Безмятежно улыбнулась Рубиусу.
— Кроме того, я хотела бы представить завтра свою Наследницу.
Это заявление было подобно взорвавшейся бесшумной бомбе. Даже высшие дараи, прошедшие многолетнюю школу дипломатии, резко выпрямились, не в силах скрыть удивление. Аррек закрылся, прекращая бесполезный спор.

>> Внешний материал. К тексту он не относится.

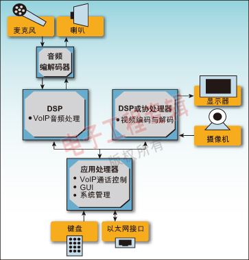 看看第一代可視電話所采用的架構(gòu),我們可以發(fā)現(xiàn)采用了不同的處理器分別用于語音、視頻和系統(tǒng)控制功能。因?yàn)樘幚硇枰,一般采用針?duì)密集媒體處理運(yùn)算(數(shù)字信號(hào)處理或DSP)優(yōu)化的處理器。例如:一個(gè)DSP用來處理語音處理功能,包括語音編碼/解碼、音調(diào)發(fā)生和檢測(cè)、回聲消除以及噪聲消減;一個(gè)DSP或?qū)S脜f(xié)處理器來處理視頻編碼和解碼;一個(gè)應(yīng)用處理器管理VoIP通話控制協(xié)議以及用戶界面(見圖1)。這種方式需要多個(gè)編程模型和開發(fā)工具鏈,這反過來會(huì)導(dǎo)致需要更大的開發(fā)團(tuán)隊(duì),增加培訓(xùn)和額外的成本。

Оставалось молиться, чтобы его самообладания хватило до того момента, пока мы не окажемся одни.
Я подалась вперёд.
— В Конклаве Эйхаррона существует определённое напряжение по поводу той, которая будет после меня на посту Хранительницы. Я понимаю, всех волнует вопрос, удастся ли её контролировать. Завтра вы сможете встретиться с Лейруору тор Шеррн и получить ответы на все неясные вопросы, — с искренней и прямой наивностью, совершенно выбивающей из колеи этих любителей интриг и намёков, сказала я. Затем тихо попросила: — Мне бы хотелось, чтобы вы присутствовали. Хотя бы как мои друзья.

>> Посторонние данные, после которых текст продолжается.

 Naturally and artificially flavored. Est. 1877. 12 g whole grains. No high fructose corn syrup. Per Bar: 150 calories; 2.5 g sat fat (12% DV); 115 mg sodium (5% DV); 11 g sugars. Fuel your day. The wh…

Адрея подняла руку к губам, и мягкий звон её браслетов заставил меня гадать, не слишком ли много сказано.
Рубиус прищурился.
— А это удастся?
Я вопросительно повела ушами.
— Её контролировать?
Ну и вопрос! Я засмеялась.
Опасный вопрос, вопрос-ловушка. Он вывел нас на очень зыбкую, потенциально предательскую почву. Во всех смыслах этого слова.
— Не знаю, — я отвечала абсолютно правдиво, как и всегда при общении с ними. — Можете попробовать. У неё тонкое чувство юмора, она не обидится.
— Аррек рассказывал, — небрежно бросил огненный арр Вуэйн, и я улыбнулась в ответ на столь откровенную провокацию.
— Хорошо, — я и на самом деле была довольна.
Сказано было много больше, чем способно уместиться в словах. Адрея и Рубиус переглянулись, потом чуть склонили головы.
— Мы придём.
Не думаю, чтобы эти двое способны были осознать, что именно произошло только что в этой комнате, но даже то, что они смогли уловить, более чем оправдывало кажущуюся на первый взгляд суматошной, почти бессмысленной встречу. А если нет… что ж, они должны были научиться не делать излишне поспешных выводов о действиях эль-ин.
— Благодарю вас. — Упавшие на лицо золотые пряди скрыли глаза, в которых смешались все драгоценные камни Вселенной и все цвета спектра, но в которых не было места ничему единому и цельному.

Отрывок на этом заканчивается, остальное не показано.